Нора Робертс - Обманчивая реальность
– Была и останусь ею.
– Льюис нашел эти коробки?
– Он приехал домой. Был какой-то взвинченный, расстроенный, не находил себе места. Что-то там на работе. Кто-то украл его идеи.
– Одри… – вздохнул Рассел.
– Они его не ценили или, по крайней мере, недостаточно уважали, – не унималась его жена, и голос ее звенел отчаянием. – Так он говорил. Я не знаю, зачем ему понадобилось идти на чердак. Мы работали на воздухе. Он что-то нашел и начал задавать вопросы. Мы с мужем переговорили между собой и решили, что стоит все ему рассказать. Честно рассказать, что случилось много лет назад, а затем уничтожить бумаги. Потому что нас они не касаются.
– Но он не пожелал их уничтожать.
– Он сказал, что это его наследство и он имеет на него право. Что он должен знать свои корни, свою генеалогию, все как есть. Мне показалось, что он не то чтобы счастлив, но доволен. И как будто стал спокойнее. Как будто он всю жизнь догадывался, что что-то не так, и вот теперь, узнав правду, смог сбросить с души тяжелый груз.
– А потом он вернулся, чтобы узнать больше.

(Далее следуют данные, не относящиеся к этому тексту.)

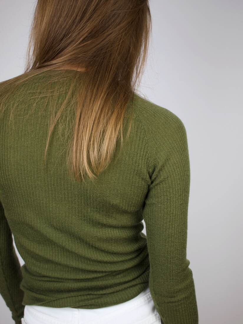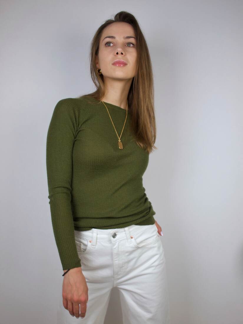 Skład: 55% wełna, 45% tencel. Modelka nosi rozmiar XS-S.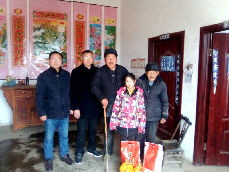 潢川县魏岗乡中心校春节前到彭寨村送温暖看望慰问五保户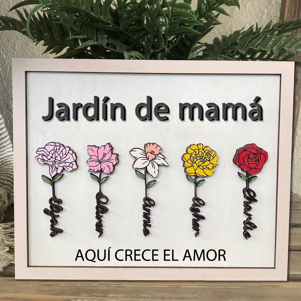 Letrero de marco de madera personalizado 'El amor crece aquí' para el jardín de la abuela, con acuarela personalizada y flores de nacimiento. Regalo único con nombres para mamá, abuela, o ideal para el Día de la Madre.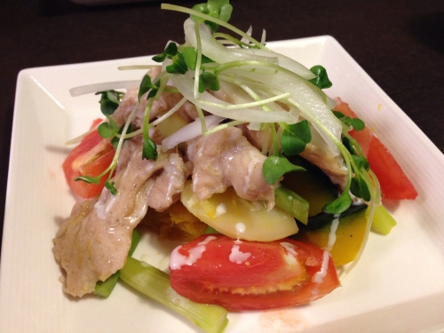 1枚目鶏胸肉の温野菜サラダ →胸肉は生姜と醤油に漬け込みますその後レンチンでしっとり柔らかに! 2枚目厚切りベーコンとブロッコリーのオイルパスタグラタン →厚切りにすることでボリュームを♪オイルはオリーブオイルにニンニクとローズマリーを漬け込んだものを使用ホワイトソースも手作りです^ ^ 3枚目高野豆腐の包み煮 →高野豆腐を油揚げで包んで出汁で煮込みました …続きを見る ['close']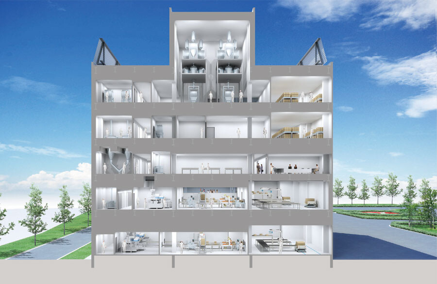 施設の計画においては、連続した生産ラインやサイロに代表される縦長の大型設備などの機器配置と施設計画を同時に行うとともに、振動対策や吹抜の計画など生産設備に配慮した構造計画により、効率的な製造施設をめざします。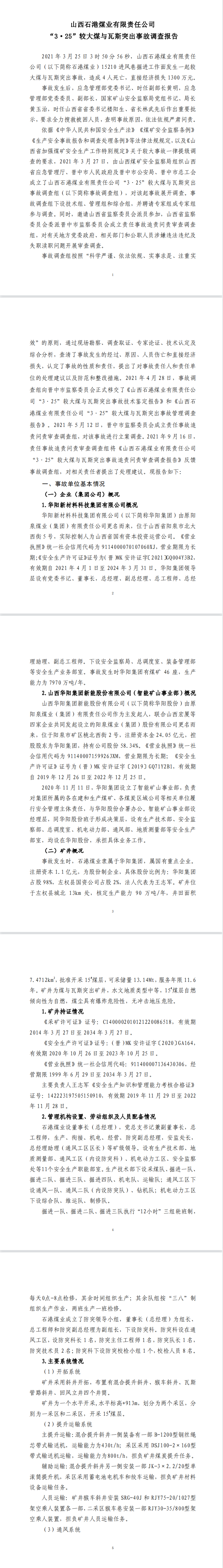 2021年3月25日,山西華陽集團(tuán)石港煤業(yè)有限公司(以下簡稱石港煤業(yè))15210進(jìn)風(fēng)巷掘進(jìn)工作面發(fā)生煤與瓦斯突出事故,突出煤(矸)量為244t、瓦斯量為22882m3,造成4人死亡,直接經(jīng)濟(jì)損失1300萬元,事故后遲報。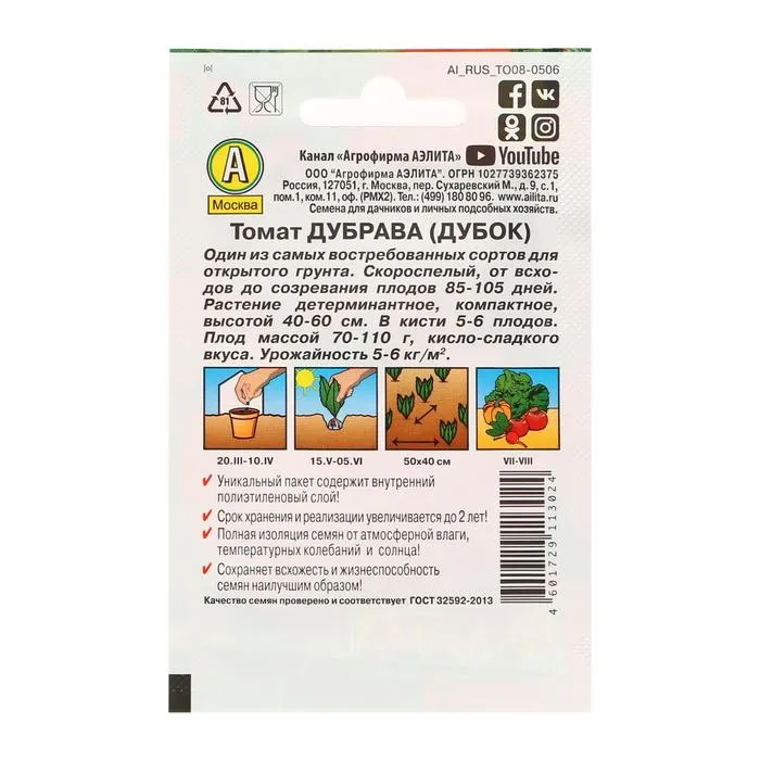 Семена Томат "Дубрава", 0,2г — Характеристики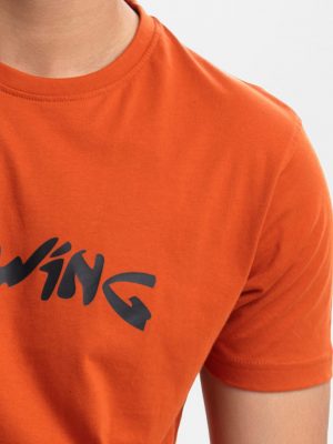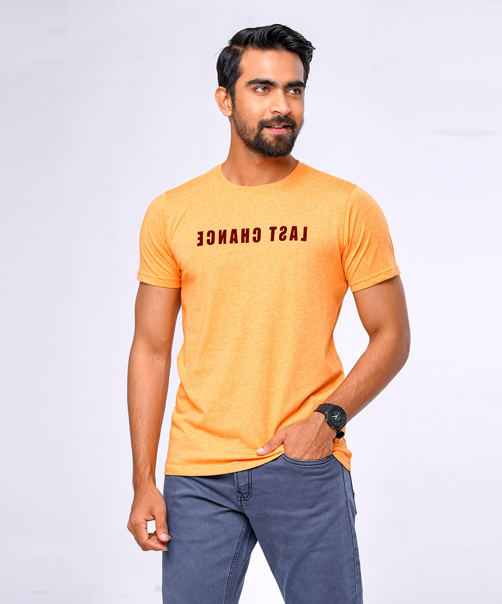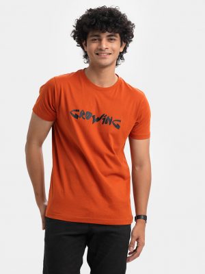 Orange T-Shirt in Siro single jersey Cotton blend fabric. Designed with a crew neck, short sleeves, and print on the chest.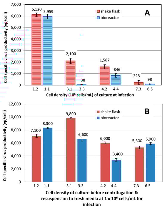 (A) Cell-specific productivity of cultures taken from a 2 L shake flask (with 700 mL working culture volume) and 3 L bioreactor fed-batch cultures grown to different cell densities, aliquoted to 125 mL shake flask at 25 mL each, and then infected with Ad5-GFP at MOI of 10; (B) Cell-specific productivity of cultures taken from the 2 L shake flask and 3 L bioreactor, and centrifuged; Cell pellet was suspended in fresh HEK SFM medium at 1 × 106 cells/mL, and then infected. Mean and standard deviation of two independent cultivations.

– У меня были вещи моей матери. Моей матери, – повторила Одри и положила руку на сердце. – И кое-что из того времени, когда они с ее сводной сестрой были совсем юными. Некоторыми из этих вещей мы до сих пор пользуемся. Например, мамиными тарелками. Осталось также кое-что из украшений. Не то чтобы они представляли какую-то ценность, – добавила она, вновь потрогав крестик на шее, – но для меня они память. Лью был уверен, что наверняка было что-то еще, как от Джины Макмиллон, так и Мензини. Он обыскал весь чердак, подвал, надворные постройки. Он возвращался снова и снова и задавал одни и те же вопросы.
– Вы не знаете, что было в тех коробках? Вы ведь так и не ознакомились с их содержимым.
– Толком нет. Я бегло проглядела их, после того как умер отец, прочла кое-какие записи в дневнике Джины, но все это было так грустно читать. Она вела дневник, когда сбежала от мужа в секту. Я не осилила его до конца. Джина умерла, спасая меня, и у меня рука не поднималась выбросить ее вещи, но я не хотела читать, что она писала, когда утратила истинную веру.
– Но ваш сын хотел. Он хотел прочесть эти дневники.
– Он говорил, что для него важно знать правду. И он…
– Что?
– Не сердись, – сказала мужу Одри. – Прошу тебя.
– Он сделал тебе больно? – Рука Рассела сжалась в кулак.
– Нет-нет, боже упаси!
– Ему случалось поднимать на вас руку? – уточнила Тисдейл.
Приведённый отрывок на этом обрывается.